As a publisher of long if not good standing, I now express a pet peeve. If, as a book reviewer, you want to comment
about "the outrageously high price charged by the publisher," know what you are talking about. (That, by the way, is a
good general rule for all aspects of book reviewing.) My point is this: Some reviewers have a simplistic notion about
book prices; some even use a simplistic formula, saying perhaps that any book priced at less than 10 cents a printed
page is O.K. but that a price higher than 10 cents a page "is gouging the scientific community." The fact of the matter
is that the prices of books do and must vary widely; the variance depends primarily not on the size of the book but on
the size of the audience. A book with potential sales of 10,000 or more copies can be priced modestly; a book with
potential sales of 1,000 to 2,000 copies must carry a high price, if the publisher is to stay in business. Thus, a price of
10 cents a page (say $20 for a 200-page book) might be insanely low for a specialized monograph.
Reference Books. Because science produces prolific data, science publishers produce a wide variety of compilations of
data. Most of these are of the handbook variety. Some of the larger fields also have their own encyclopedias and
dictionaries. Bibliographies were once a common type of reference book, but relatively few are being produced today.
As online bibliographic searching has become common, printed bibliographies in most fields have become obsolete.

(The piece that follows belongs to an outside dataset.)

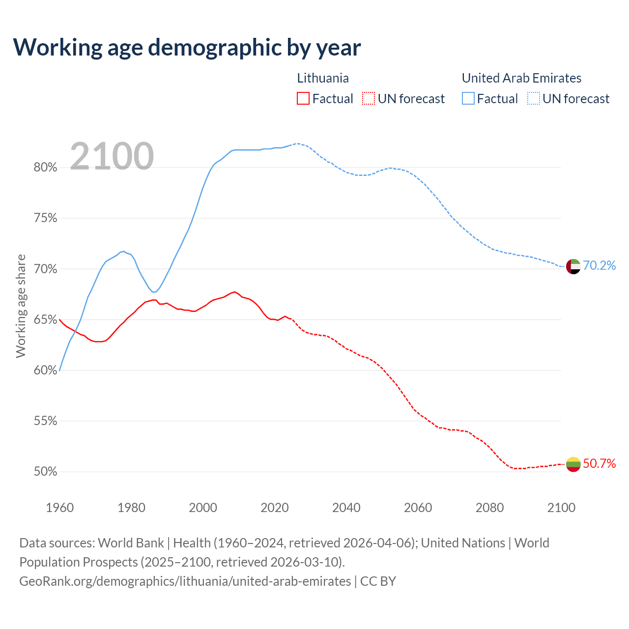 - Lithuania has 1.84M working age adults (aged 15-64) vs 9.6M in the United Arab Emirates.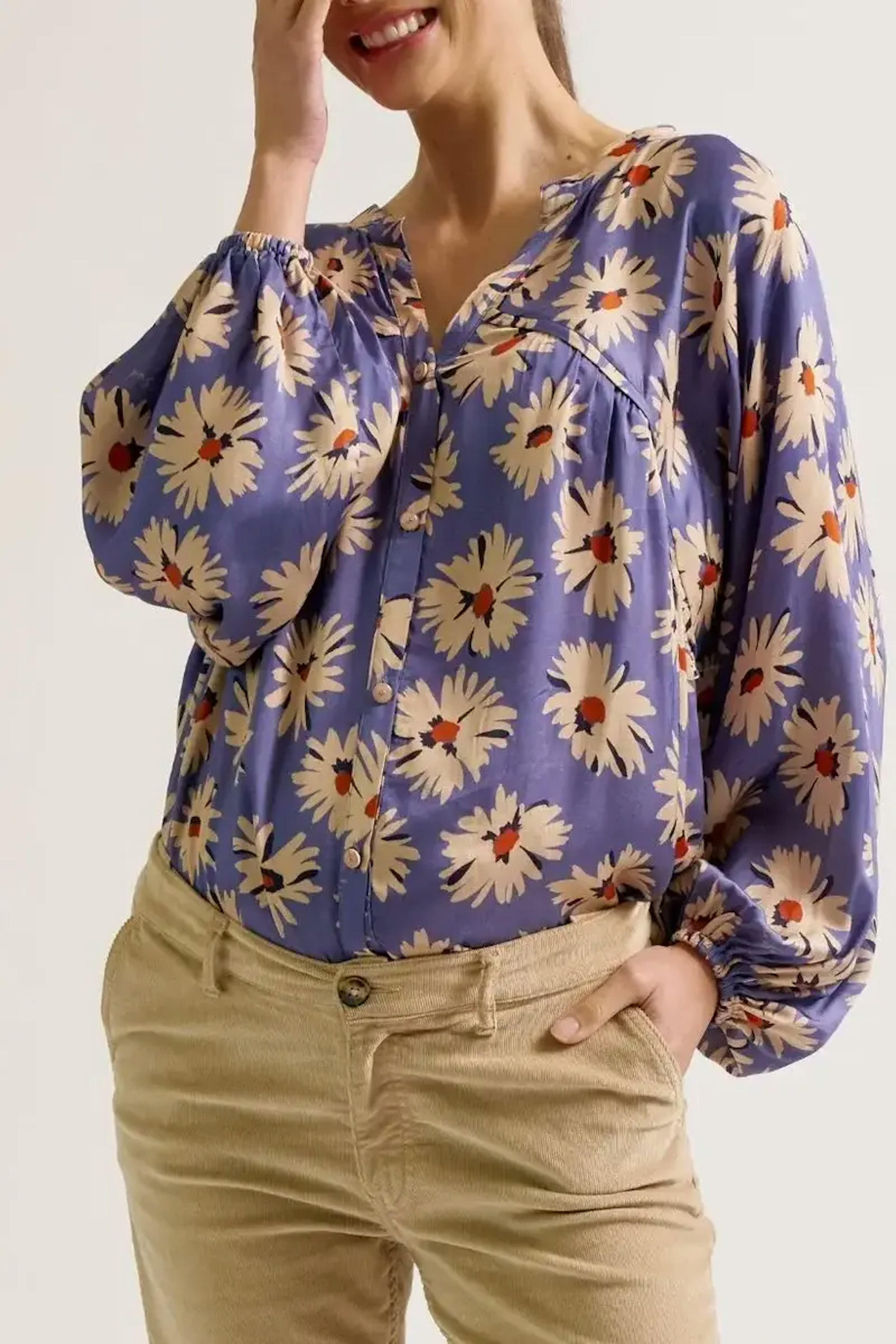 Pair this cozy blouse with chic pants and leather boots for a refined winter look. • Viscose blouse • Floral print • Long puff sleeves • V-neckline • Perfect for Maternity

Reference books are expensive to produce. Most are produced by commercial publishers, who design the product and
employ scientists as consultants to ensure the accuracy of the product. The published reference works, particularly the
multivolume works, are likely to be expensive. From the reviewer's point of view, the essential considerations are the
usefulness and the accuracy of the data assembled in the work.
file:///C|/...0208%20Books%20(part%201%20of%203)/How%20to%20write%20&%20publish%20scientific%20paper/27.htm[4/27/2009 1:20:56 PM]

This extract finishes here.